A group of Red Deer College students have proven they can produce and sell bicycles with the best — at least on a computer screen.
Rylie Schaefer, Jordan Collier, Sam Debree, Mike Dobrowolski and Ryan Dahmer outpaced most of their international competition in a simulated business ventur The RDC group bested entrants from Boston University, Santa Clara University, Ohio State University and the University of Waterloo, among other universities and colleges.
In fact, 87 teams took part in the 2014 MikesBikes World Championship — an annual competition organized by Smartsims International Ltd. — with those 87 representing the top finishers from their respective institutions. Schaefer, Collier, Debree, Dobrowolski and Dahmer, who adopted the name Team Momentum, bested five groups of classmates from RDC’s Donald School of Business to advance to the world championships.
“I was really impressed,” said Dustin Quirk, an instructor at the Donald School of Business.
He said the five were among the best he’s seen in the MikesBikes simulation, which is tackled by all students in the Donald School of Business’s business administration diploma program as part of their class work. Team Momentum excelled from the start and “adapted and adjusted” to each level of competition they faced.
Ultimately, that came down to a showdown involving eight teams. Collier said his group received regular updates during those finals, which indicted that they were holding onto second place before slipping back into fourth.
“So we got together, a few of us, and really ground it out and got back to second.”
The MikesBikes simulation involves the operation of a bicycle factory in a competitive market with other bike producers.
“They have to design which markets to enter and build up their labour force, build up their factory,” said Quirk, adding that the success of the business is influenced by the actions of other teams.
For instance, pricing bikes high to boost revenues could leave a team vulnerable to being undercut by others.
“In that sense, it does do a fairly good representation of a real business situation where you’re planning out moves but have to respond and react to your competitors’ moves as well.”

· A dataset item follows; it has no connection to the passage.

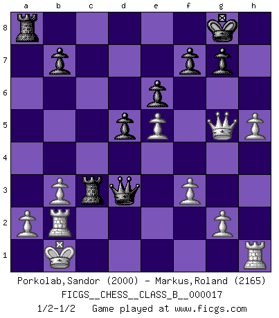Last move : 1/2-1/2 2007 August 7 21:4:54 [Event "FICGS__CHESS__CLASS_B__000017"] [Site "FICGS"] [Date "2007.02.21"] [Round "1"] [White "Porkolab,Sandor"] [Black "Markus,Roland"] [Result "1/2-1/2"] [WhiteElo "2000"] [BlackElo "2165"] 1.e4 c6 2.d4 d5 3.e5 Bf5 4.Be3 e6 5.Nd2 Nd7 6.Ngf3 Bg6 7.h4 h5 8.Nb3 Nh6 9.Bd3 Bxd3 10.Qxd3 Nf5 11.Bg5 Be7 12.Qd2 Rc8 13.O-O-O c5 14.Bxe7 Qxe7 15.dxc5 Nxc5 16.Nbd4 Nxd4 17.Nxd4 O-O 18.f3 Qc7 19.Qg5 Na4 20.Kb1 a5 21.Qxh5 Nxb2 22.Kxb2 Qc3+ 23.Kb1 Qb4+ 24.Nb3 a4 25.Qg5 axb3 26.cxb3 Rc3 27.Rd2 Ra8 28.Rb2 Qd4 29.h5 Qd3+ 1/2-1/2 Caro-Kann : Advance variation Queenside Castling by player White (move 13) Kingside Castling by player Black (move 17) This chess game ended in a draw. Follow this game move after move (download)Of all my Russian books, the defense contains and diffuses the greatest 'warmth' which may seem odd seeing how supremely abstract Chess is supposed to be. (Vladimir Nabokov) Der Traum, für den ich lebe, ist der von einem freien Russland. Viele mögen sagen: Russland hat doch ein Parlament, einen gewählten Präsidenten. Aber ich spüre, dass in meiner Heimat die Angst wiederkehrt. Eine Angst, sich frei zu äußern, bestimmte Dinge zu tun (Garry Kasparov) Con el fin de mejorar tu juego, debes de estudiar los finales antes que todo, ya que mientras que los finales pueden ser estudiados y dominados por sí mismos, el juegomedio y la apertura deben de ser estudiados en relación con los finales. (José Raúl Capablanca) Les erreurs sont comme les malheurs, elles n'arrivent jamais seules. (Siegbert Tarrasch) The problem with troubleshooting is that trouble shoots back. (Anonymous)

Schaefer said Team Momentum picked up on the game quickly, and used the same strategy at each level.
“I would say we were pretty aggressive in our strategy,” said Dobrowolski. “Our goal was to outsell the competition and to constantly streamline our costs to be more profitable and deliver more value to our shareholders.”
Quirk said it helped that the RDC group worked very well together. He also praised their commitment, particularly when the competition moved past the classroom level.
“It was purely voluntary on their part, and they spent their own time,” he said, noting that this meant personal sacrifices and dealing with conflicting commitments, like studying for exams.
Schaefer, Collier, Debree, Dobrowolski and Dahmer are in the second year of the diploma program, and all five plan to pursue business degrees.